This article shares some best practices on managing WebHooks and is paired up with Troubleshooting WebHooks in Jira Data Center. Each of the best practices listed here is drawn from issues you can troubleshoot and RCA with the help of that Troubleshooting article.
For a more specific assessment and optimization, you may seek the services of Atlassian Solution Partners or bring your case for discussion on the Community.
Other valuable resources
- Troubleshooting WebHooks in Jira Data Center
- Jira's "Managing WebHooks" documentation
- WebHooks guide on developer.atlassian.com
- How to find the Issues with most data in Jira
Solution
1. Have as few WebHooks as possible
WebHooks are configured to listen to particular events in Jira and their context is always global.
This means that every time an event happens (like issue created, issue updated, comment added...), Jira will execute the filter (JQL) of every WebHook listening to that event in order to know which WebHooks matches (JQL returns a non-empty result) and should be fired. This JQL matchings are performed synchronously: this means Jira executes each JQL sequentially, one-by-one, and on the same Thread responsible for triggering the event (which may be a user request from the Browser).

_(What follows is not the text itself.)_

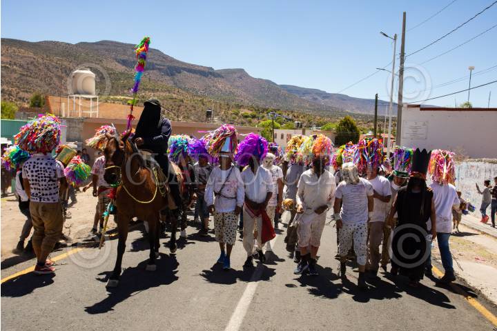 JIMÉNEZ DEL TEÚL, ZACATECAS, 09ABRIL2023.- A trescientos kilómetros de la capital Zacatecana, en este municipio se realiza cada año, desde su fundación en 1591; durante la Semana Santa, la enigmática y colorida “Judea”, en la este año, alrededor de entre 60 y 80 participantes representa de manera teatral-ancestral la pasión de Cristo.Con pocos cambios desde su origen, uno de los pasajes más significativos del catolicismo, se entrelaza con las tradiciones de los pueblos originarios de la región de lo que hoy es Zacatecas, Durango, Nayarit y Jalisco; muestra la interpretación que estos pueblos tuvieron del acto litúrgico al momento de la conquista espiritual. El Viernes Santo es el día más representativo. Los participantes, desde temprana hora inicia con la persecución delos “barrabases”, personajes que representan a Dimas, Gestas y Barrabás, los ladrones que fueron crucificados junto a Jesús. Durante todo el tiempo la procesión es acompañada por los sonidos característico de una tambora y un cuerno. Todo el pueblo se reúne para caminar detrás de los participantes una vez más desde la capilla de la Guadalupana hasta el templo principal; en el trayecto se van deteniendo en los altares colocados afuera de casas para rememorar la Pasión de Cristo. Se presentan personajes relacionados con el sufrimiento de Jesucristo, como las mujeres piadosas, las verónicas, los jueces, las muertes o los centuriones, cada uno con un atuendo y características distintivas, que van recreando, en silencio, solo con la compañía del tambor y el sonido del cuerno. La celebración termina con la crucifixión de Jesús, una imagen que es cargada por pobladores y su sepultura. Esta tradición de uno de los pueblos más alejados de la capital es promovida y organizada por un comité organizativo de la comunidad, pero el profe Ponciano Guevara, quien además es cronista del municipio, mantiene el impulso para seguir manteniendo esta original e histórica tradición. FOTO: ADOLFO VLADIMIR /CUARTOSCURO.COM

So if you have 20 WebHooks configured to listen to the Issue Created event, and each have their own JQL specifying each a different Project, all of them will be executed on every Issue creation, on every Project. Jira appends the Issue key triggering the event to each WebHook JQL in order to check if "this Issue, with the WebHook JQL, should fire the WebHook".
For example: a WebHook listening to an Issue Created event with a JQL of "project = JIRA AND component in (Workflows, Dashboards)" will be executed as "project = JIRA AND component in (Workflows, Dashboards) AND key = CONF-12345" when the Issue CONF-12345 is created (notice it's another Project).

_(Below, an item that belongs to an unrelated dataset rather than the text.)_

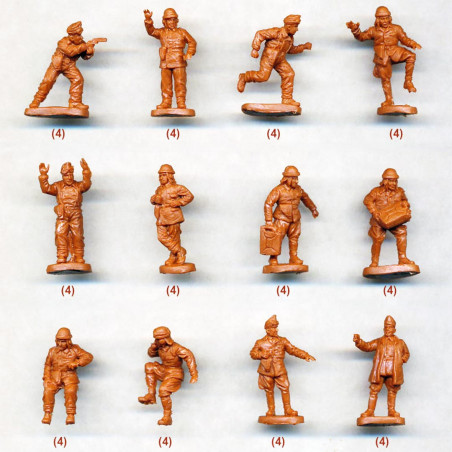 Las cajas suelen contener varias decenas de figuras con diferentes poses (combate, marcha, disparo, comando), lo que facilita la creación de escenas realistas.

You may consider porting some WebHooks to more recently developed event handling technologies or apps such as Automation for Jira, that may have Project context and even more specific triggers such as a particular field update.

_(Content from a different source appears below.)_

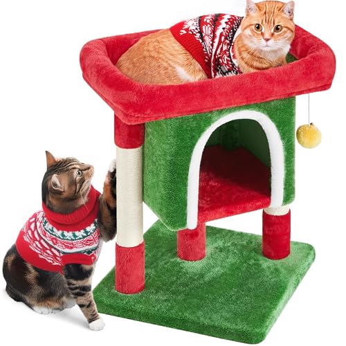 Yaheetech Christmas Themed Cat Tree Tower for Kitten Cats, Pet Standing House with Sisal-Covered Top Platform Spacious Condo Detachable Dangling Ball, Pet Activity Center, Red/Green

2. Have WebHooks filters (JQL) respond as quickly as possible
Since WebHooks have global context, you may have several WebHooks being executed that you know are irrelevant for the Issue at hand — but Jira's implementation of WebHooks has no way of anticipating it before actually executing the filter.
All searches in Jira (WebHooks filters included) are performed on Apache Lucene's index (which is filesystem operation and OS memory/cache) for performance, but you should always keep them as optimized as possible. A too complex or expensive filter will be slow to execute and impact the response time of the operation that triggered the event.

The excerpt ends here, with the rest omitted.